*** Opening Stored data ***

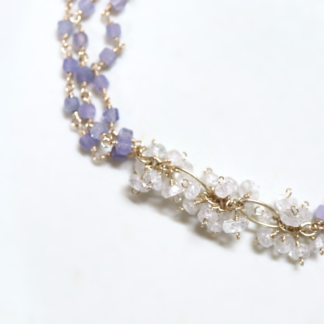 その両サイドには極小サイズのキューブカットタンザナイトを連ね、女性らしい華やぎと立体感を持たせたレイヤードスタイルに仕上げました。
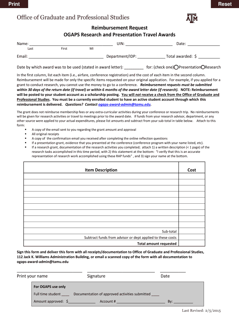 Get the free RAP Travel Award Reimbursement Form - Office Of Graduate Studies - ogaps tamu
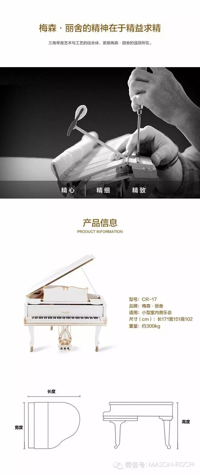 为满足高档钢琴细分市场的需求,梅森·丽舍品牌再推出CR-17系列三角钢琴,由世界著名钢琴设计大师主持研发和制造。
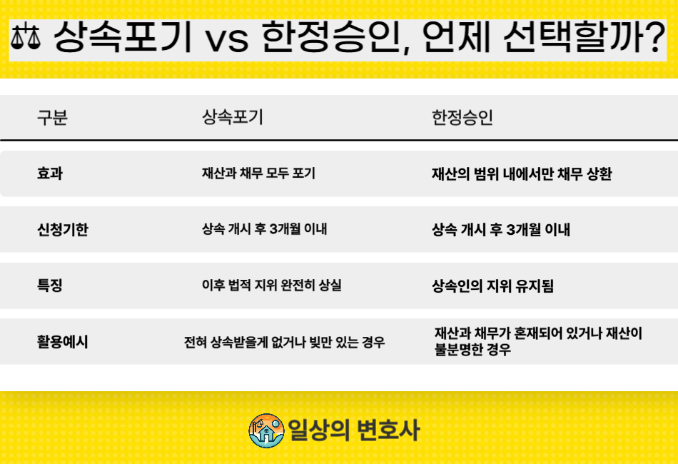 잘못된 판단으로 오히려 채무를 떠안을 수도 있기에, 전문 변호사의 조력을 통해 정확하게 처리하는 것이 안전합니다.

*** Closing Stored data ***

■ Exercise objective ■
Give back exactly the lines from the opening of the listing through the line holding "为满足高档钢琴细分市场的需求", both ends included, with every picture omitted.

■ Solved problem ■
 その両サイドには極小サイズのキューブカットタンザナイトを連ね、女性らしい華やぎと立体感を持たせたレイヤードスタイルに仕上げました。
 Get the free RAP Travel Award Reimbursement Form - Office Of Graduate Studies - ogaps tamu
 为满足高档钢琴细分市场的需求,梅森·丽舍品牌再推出CR-17系列三角钢琴,由世界著名钢琴设计大师主持研发和制造。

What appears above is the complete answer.